One post zeroes in on the ASML angle specifically, noting that members who've traded the Dutch semiconductor equipment company while sitting on committees with technology or trade oversight create an information asymmetry question worth asking. McCaul does show ASML-adjacent activity in the broader disclosure record, though the structured data for this piece flags no ASML position in the most recent 15 trades.
Foreign Affairs does cover export controls, technology transfer policy, and the chip-war diplomacy that's made ASML a geopolitical flashpoint. That's closer to his actual lane than any banking bill he's voted on this spring. The Venn diagram between "House Foreign Affairs" and "semiconductor export policy" is not two non-overlapping circles.
The Broader Pattern
Fifty-six trades in 90 days works out to roughly one disclosed trade every 1.6 calendar days. That pace puts McCaul well above the typical congressional disclosure cadence, where many members file a handful of trades per quarter or route everything through a blind trust to avoid the conversation entirely.

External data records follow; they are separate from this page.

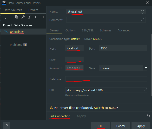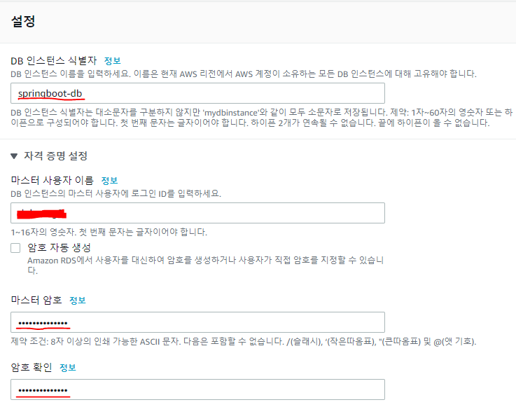 User와 Password 에는 생성할 때 설정한 마스터 이름과 암호를 입력해준다.
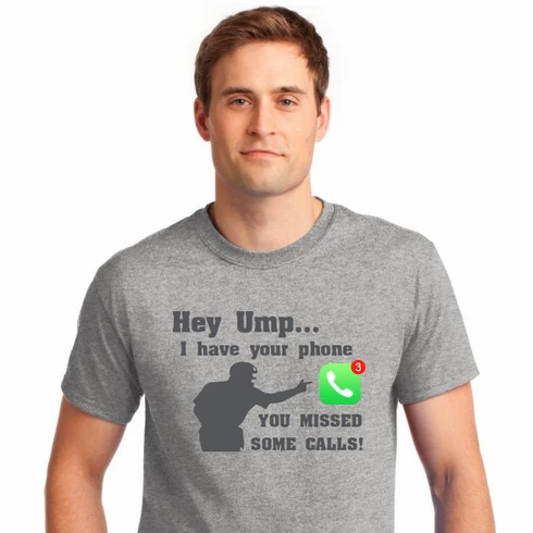 These baseball t-shirts feature the Hey Ump I Have Your Phone You Missed Some Calls baseball graphics printed on the chest. 100% cotton.
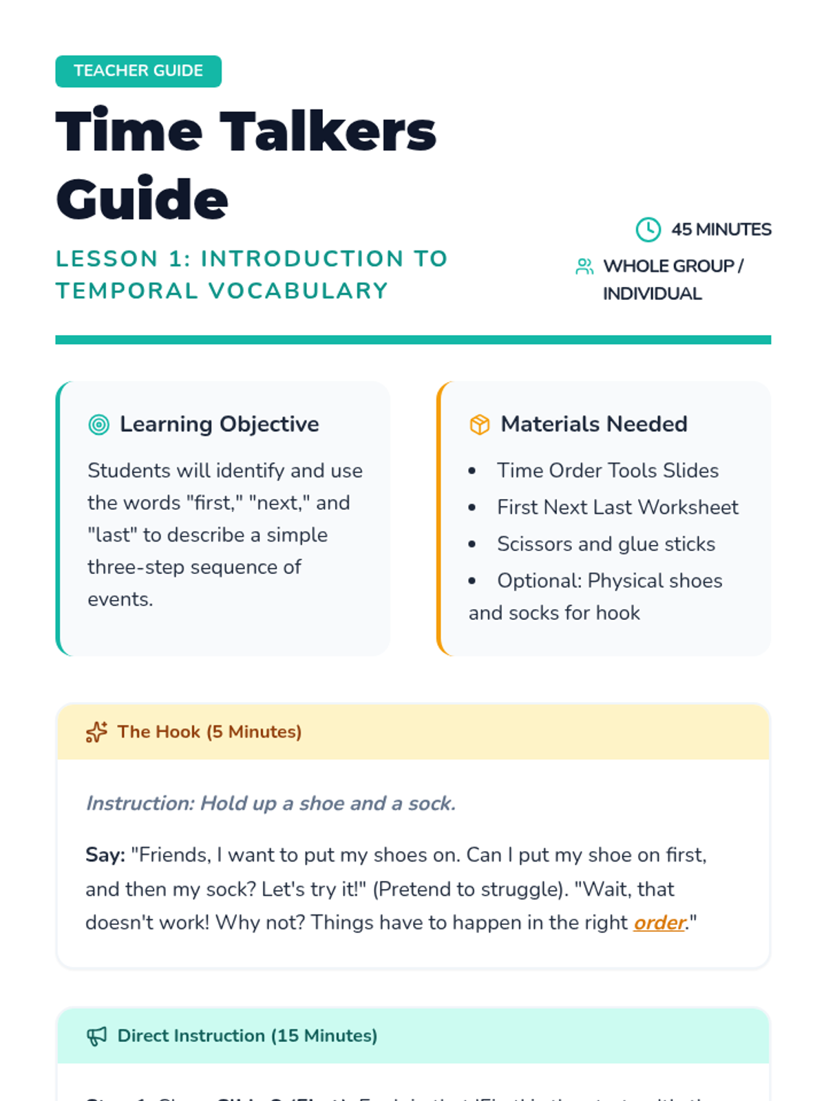Students explore chronological order and temporal vocabulary through daily routines, school schedules, and stories. The unit focuses on terms like 'first,' 'next,' and 'last' to build foundational historical thinking skills.
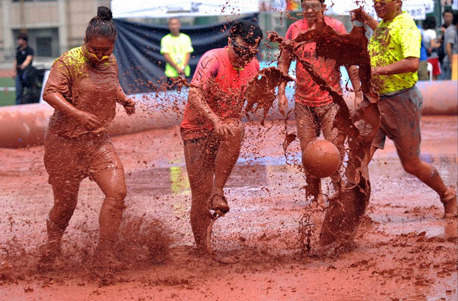 China’s mud football match kicked off in Beijing on July 23, 2015. Mud football fans from all walks of life competed in the mud.
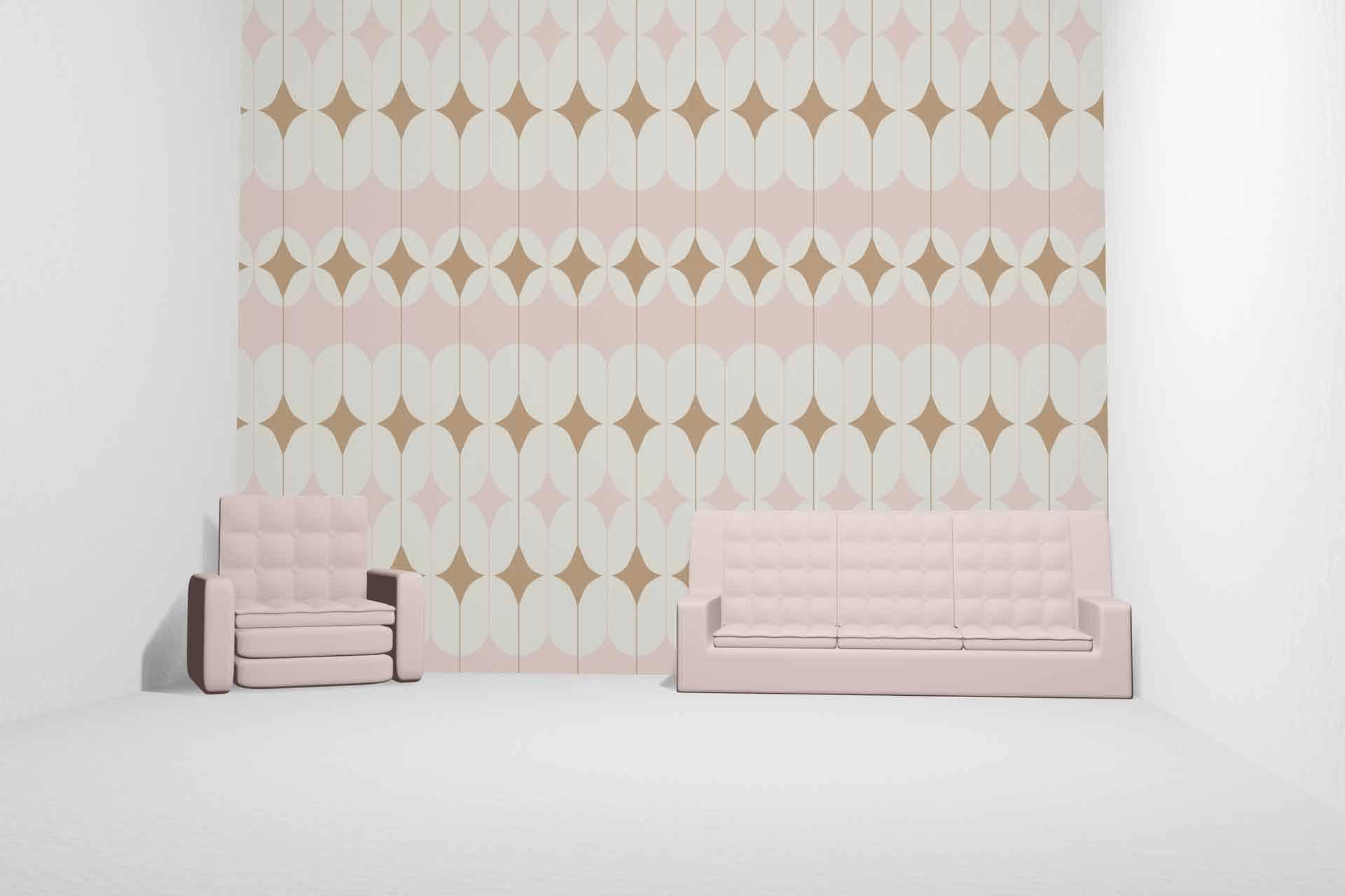Wallpaper visualizer showcases a wallpaper design with distinct elements and colors, making patterns and shades easily searchable. The focus is on the wallpaper's features as displayed within the minimalist interface.
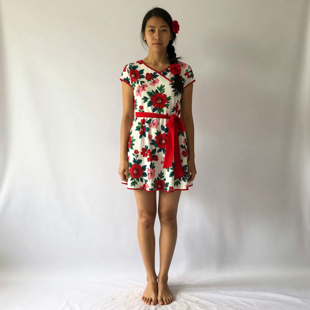 Frock short costume, photograph of an Asian woman, standing, full body, front view, wearing a short floral dress, red and pink flowers, white background, simple background, casual style, black hair in a side braid, red flower hair accessory, neutral expression, natural light, standing on both feet, dress has red trim and a red tie belt, plain white backdrop, model facing camera, slight shadow under dress, realistic style, soft lighting, everyday fashion, minimalistic setting
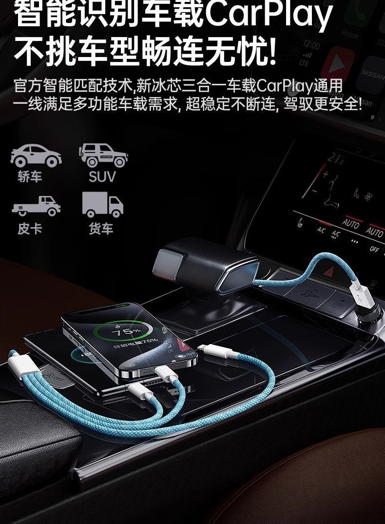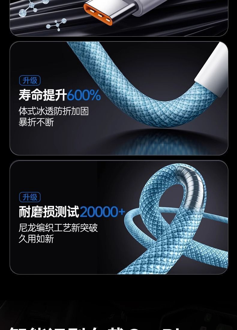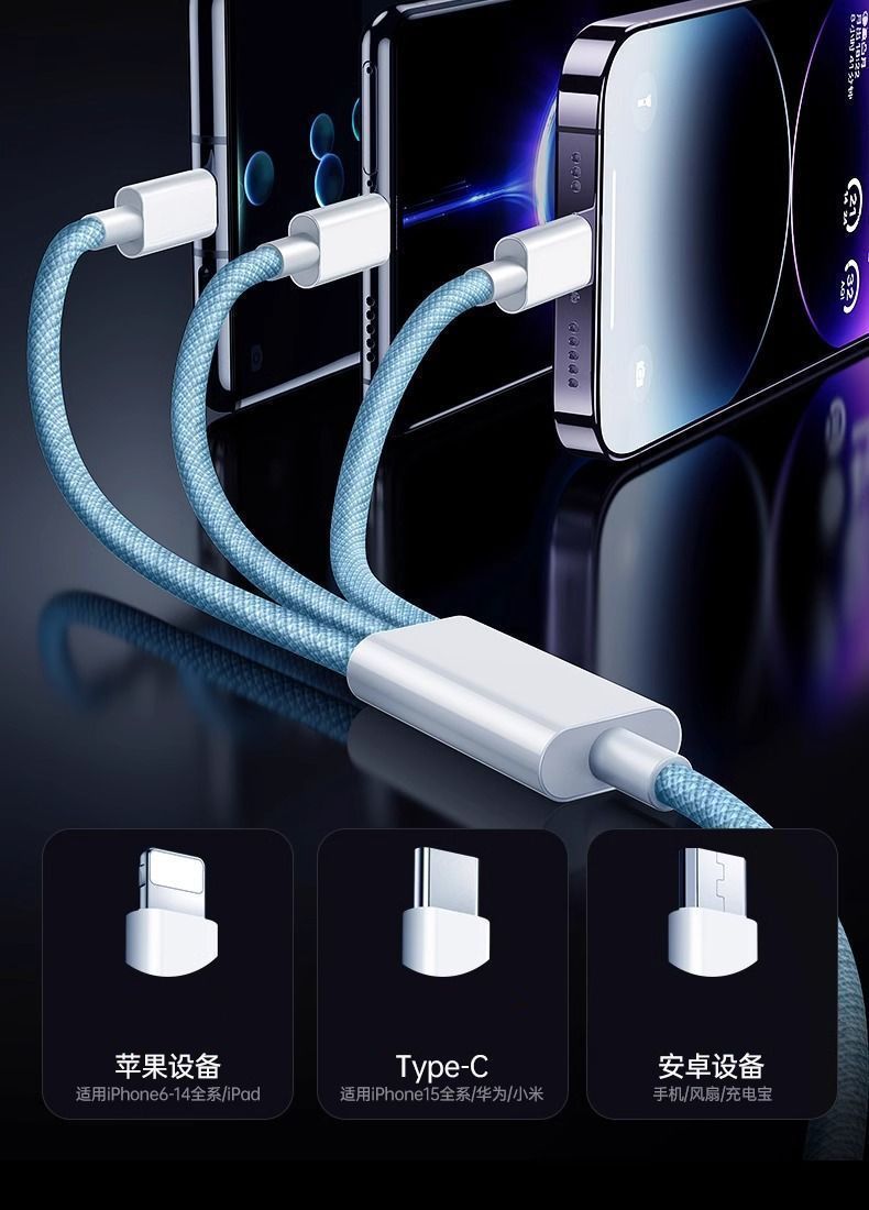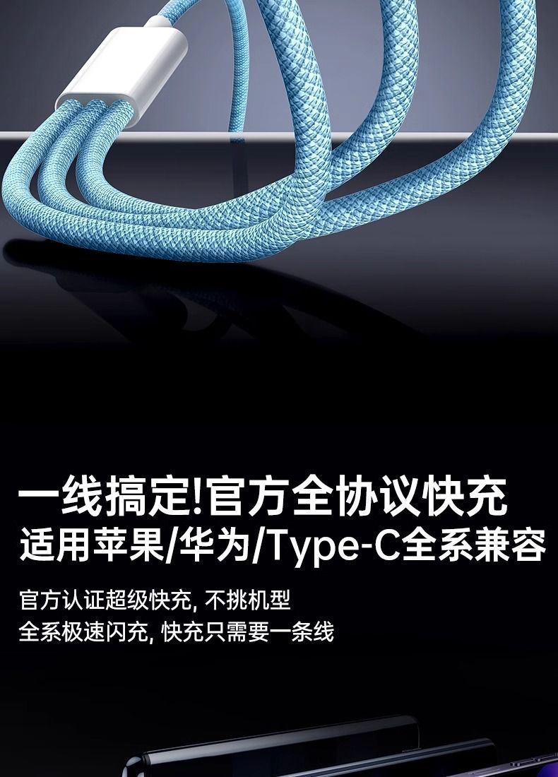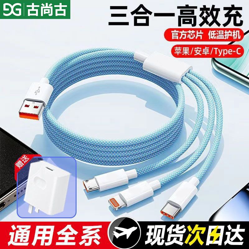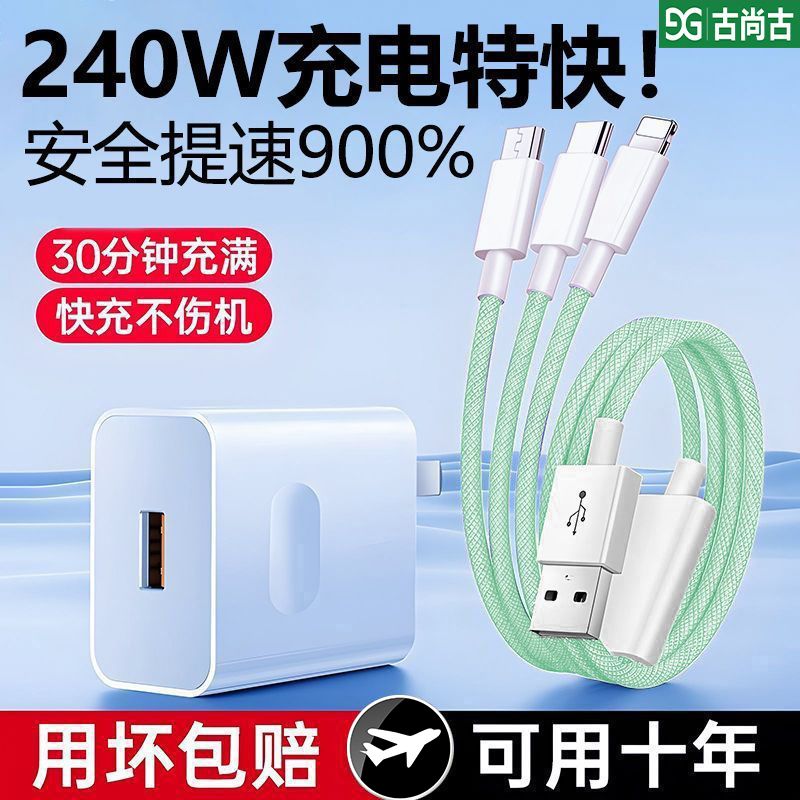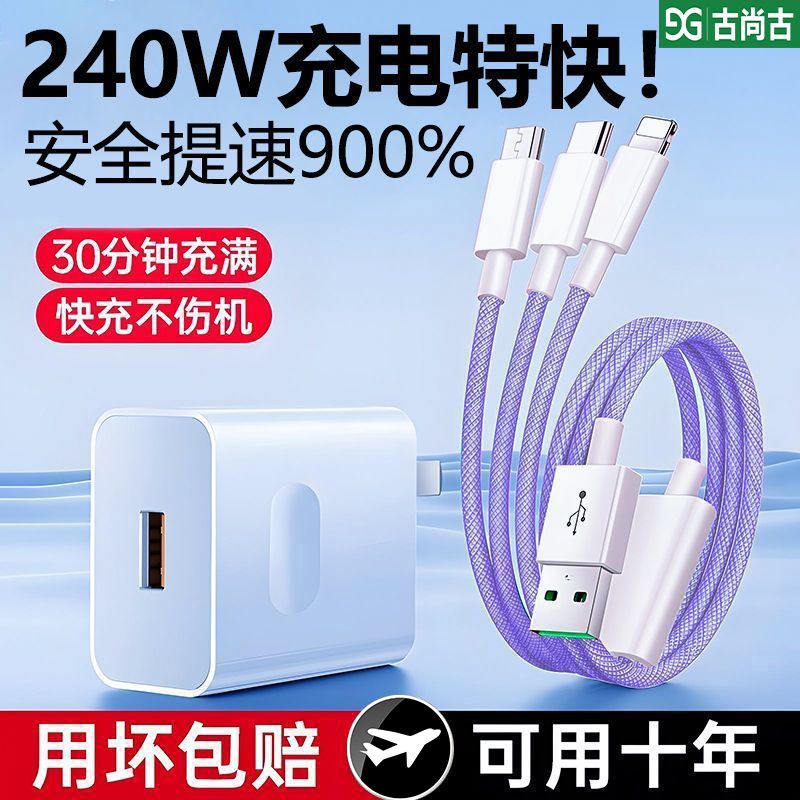 古尚古【赠快充头】240W超级快充一拖三编织数据线适用华为三合一
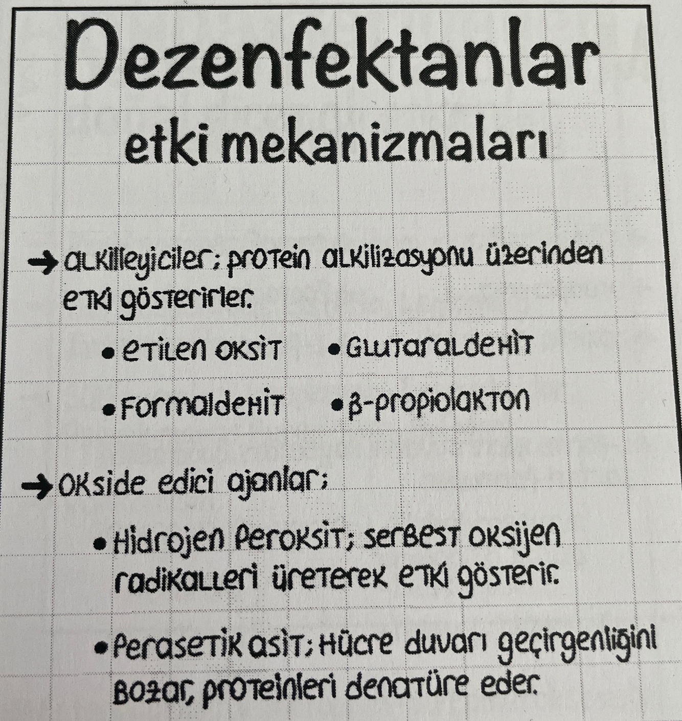 Perasetik asit (hücre duvar geçirgenliğini bozar)

McCaul's disclosed trades span energy (EQT, Shell, Chevron, GE Vernova), payments (Mastercard, Visa), industrial materials (Vulcan Materials), healthcare (Humana), financial data (S&P Global), enterprise software (Workday, Intuit, ServiceNow), and semiconductors. It's a generalist portfolio run at a trader's pace.
The mean alpha of negative 1.3% on 119 scored trades says he's not systematically printing money off these positions. The 52-for-119 win rate says he's right less than half the time. His three best trades in the sample, HUM, NSIT, and TER, carry no committee overlap and no attached vote. His three worst trades were all sales in energy names that subsequently rallied.
What the filings don't contain: any indication of who is executing these trades, whether they're directed or discretionary, or what information, if any, informs the timing. The STOCK Act requires disclosure. It does not require explanation.
McCaul's full disclosure record is public. Fifty-six trades, 90 days, a Foreign Affairs chairman who rotates between natural gas producers and payments processors at a clip that would make a retail day trader feel validated. Take that for what it's worth.